At the age of eighty two, one of our most esteemed poets took her leave, in Santa Cruz, on March 27, 2012. Many of us will remember reading the poems of Adrienne Rich in our salad days and there are those who may recall being inspired to write poetry after reading her work. People who are really good at something make it look easy.
Critics will say that great, strong and vivid writing will jump off the page. Unlike so many wonderful poets who toil in obscurity, Ms. Rich was recognized early. A daughter of a renowned pathologist and concert pianist, she was raised as a future progeny. While poetry may not have been the desired aim of her parents, she found a clear and solid voice at Radcliffe College and went on to receive a Guggenheim Fellowship to Oxford.
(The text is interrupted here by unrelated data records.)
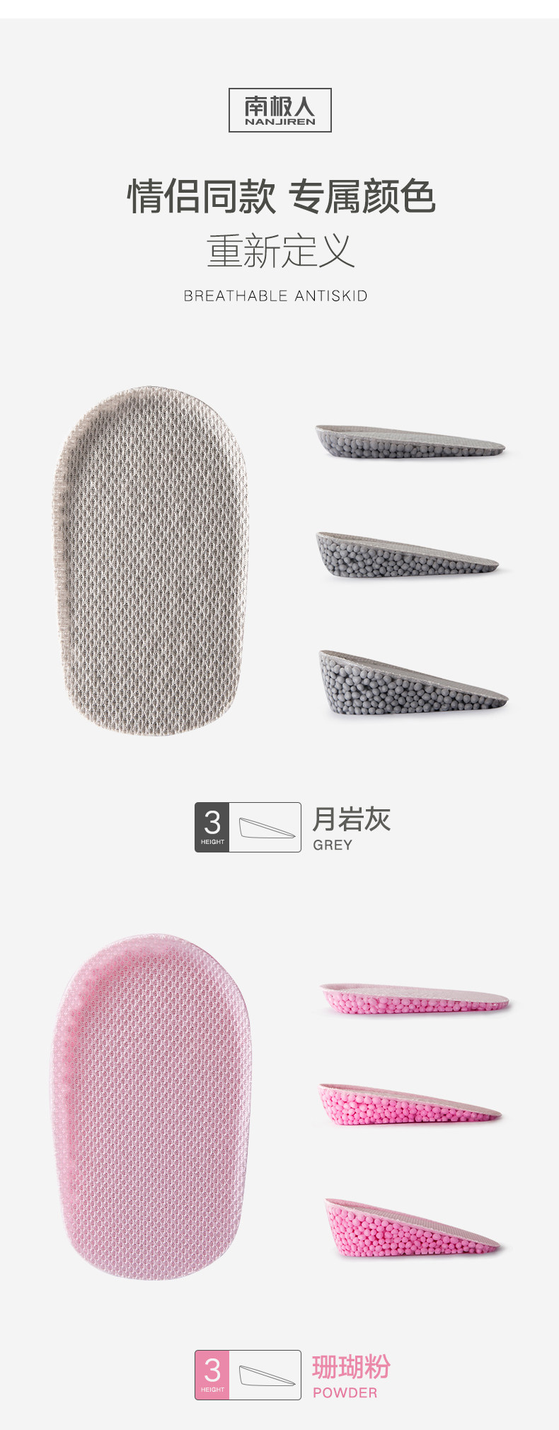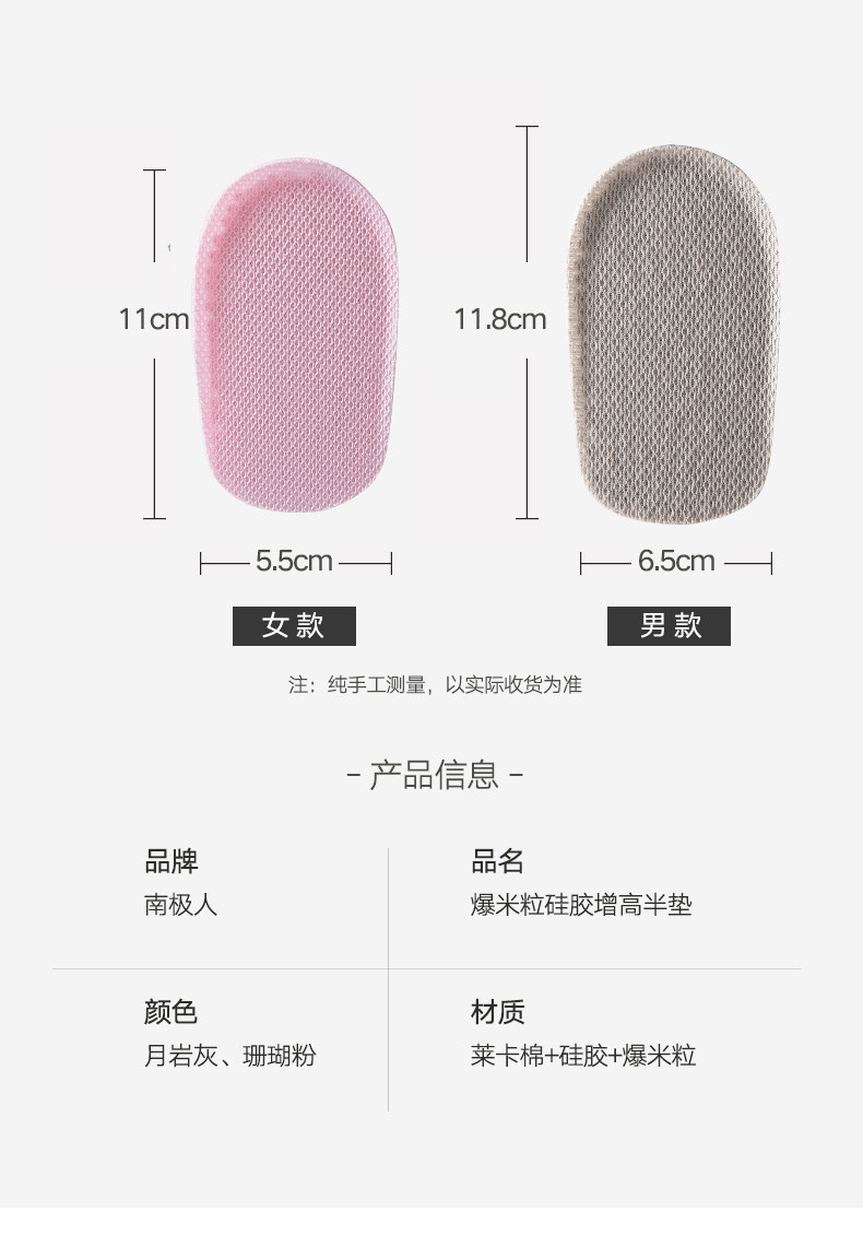 南极人 Boost, стельки для увеличения роста подходит для мужчин и женщин, невидимые летние полустельки
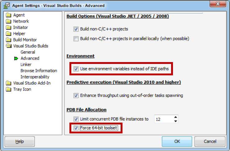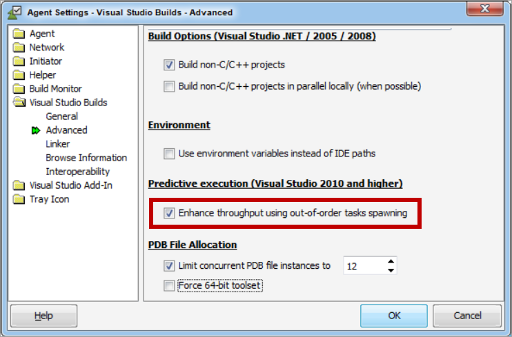 Predictive execution, which is not natively supported by Visual Studio. This can further optimize your build acceleration, by increasing the execution parallelization of compilation tasks when no dependencies exist.
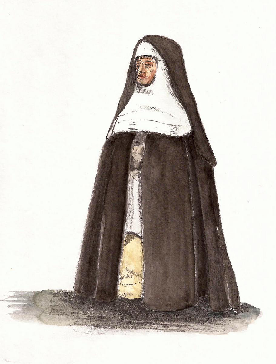 The museum is very nice. Mostly it’s religious artifacts of little interest to me but the ambience is great if you like quiet like I do. They took us on a tour of the museum and then we were left to our own devices to find something to sketch. I chose a very nice doll, dressed like a nun. Fun to draw but I found it hard to paint black on black folds in the fabric. BUT, I sketched, on location, as an urban sketcher. Wah, hoo!!!
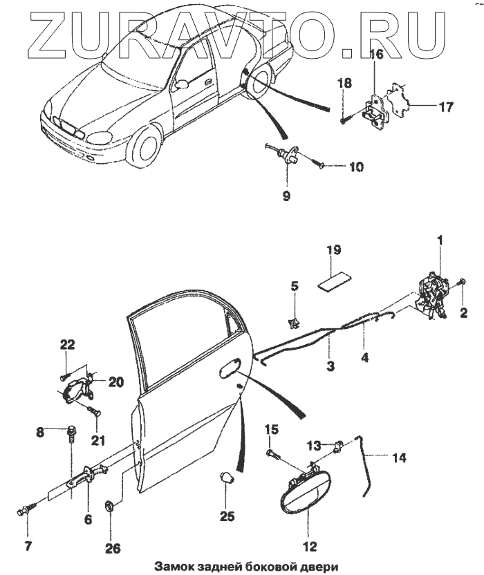 | 14 | 96304110 | Тяга наружной ручки задней двери | Нет в продаже |
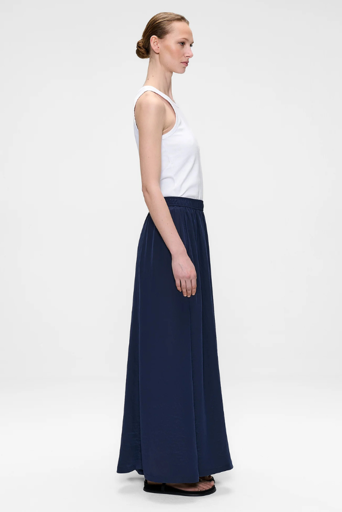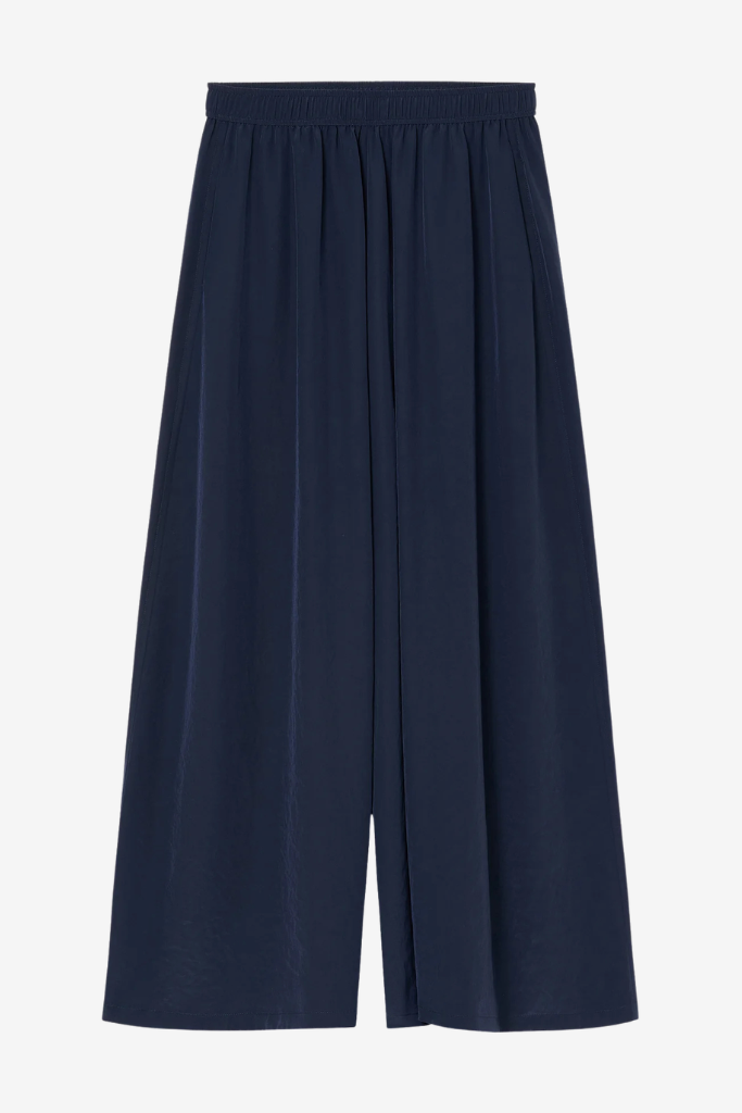 The Zenggi Amsterdam Technosilk Wide Palazzo Pants Japan Blue are elegant wide-leg trousers crafted from 100% polyester with a luxurious silk-like finish. Fluid, lightweight and refined for a powerful feminine silhouette.

While her political leanings and feminist causes are well documented, I believe she will be remembered for her poetry above all. Here is an excerpt from What Times are These:
“There's a place between two stands of trees where the grass grows uphill
and the old revolutionary road breaks off into the shadows,
near a meeting-house abandoned by the persecuted
who disappeared into those shadows.
I've walked there picking mushrooms
at the edge of dread, but don't be fooled
this isn't a Russian poem this is not somewhere else but here
our country moving closer to its own truth and dread
its own ways of making people disappear.”